O presidente da Cooperativa de Criadores de Avestruz de Londrina (Coontruz), Giono Koyashiki, explica que do avestruz se aproveita praticamente tudo. A carne; os bicos e unhas, para a fabricação de botões e adornos; o couro para produção de calçados, bolsas, cintos e outros acessórios (é o segundo couro mais caro do mundo perdendo apenas para o de jacaré); as plumas são utilizadas principalmente para a indústria do Carnaval e fabricantes de espanadores; a gordura para a indústria de cosméticos.

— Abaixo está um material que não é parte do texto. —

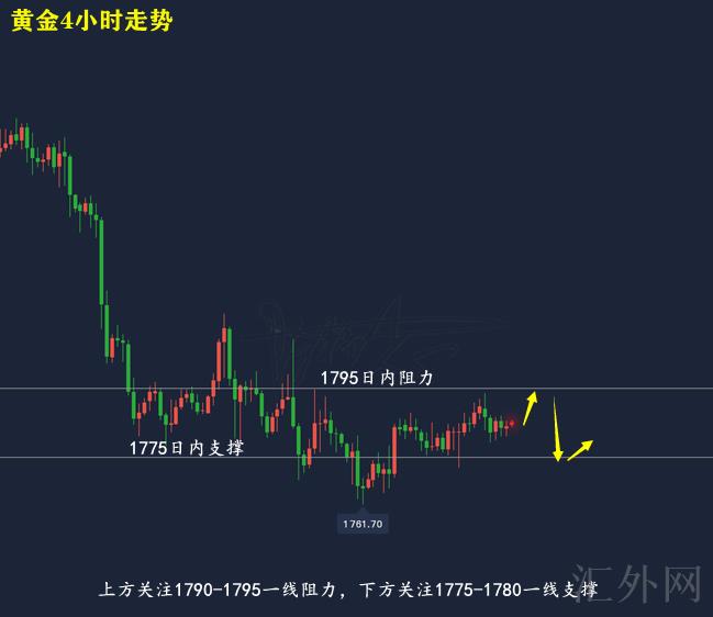黄金技术分析来分析,日K线上,星期三黄金开盘上升,并在涨至日间高点后回调,并在跌向MA5日移动均线位置后适当回涨,报得小阴十字星,日K线上,今日行情开盘持续持于MA5日移动均线上方运行,预期恐会持续持于盘整,因仍未打破千八关键点位位置,也然而分看多;4小时上,星期三黄金开盘呈震荡上涨连阳上升刺破上缘后震荡下探,并在跌穿中轨位置后回涨持于中轨左右交投,目前布林带处在平口期,MA均线马上迈出双死叉,KDJ随机指标三线并拢朝下,MACD指标顶背离,快慢线死叉朝下,综合来说,黄金当前短时间上涨不足,但日K线均线支撑仍未跌穿,日间交易参考高空低多,上方注意1790-1795一线压力,以下注意1775-1780一线支撑。
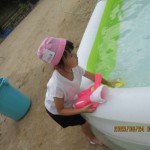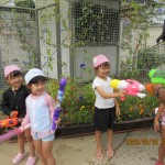 みんな 自分の水鉄砲を持ち寄っていよいよ始まります。

Para a carne, segundo Koyashiki, existe uma demanda no mercado externo que ainda não pode ser atendida devido à reduzida população de aves no País (cerca de 60 mil). Isso tem levado os produtores a priorizarem a atuação no mercado de aves vivas. ''Só a Itália, solicita cerca de uma tonelada de carne por semana'', exemplifica. Koyashiki conta ainda que a falta de aves eleva o preço do produto para o consumidor final, que chega a pagar R$ 70,00 por quilo. A ave pode ser abatida no primeiro ano de vida, quando atinge o peso médio de 110 quilos. Koyashiki garante que o avestruz tem uma alta conversão alimentar, para cada 3,9 quilos de alimento ganha 1 quilo. ''É praticamente um quilo de peso a cada três dias'', reforça.
Comparada à carne de outros animais, o avestruz, de acordo com Koyashiki, tem índices reduzidos de calorias, colesterol e gordura. Por isso, o seu consumo é recomendado por cardiologistas brasileiros e americanos. Um avestruz rende 35 quilos de carne.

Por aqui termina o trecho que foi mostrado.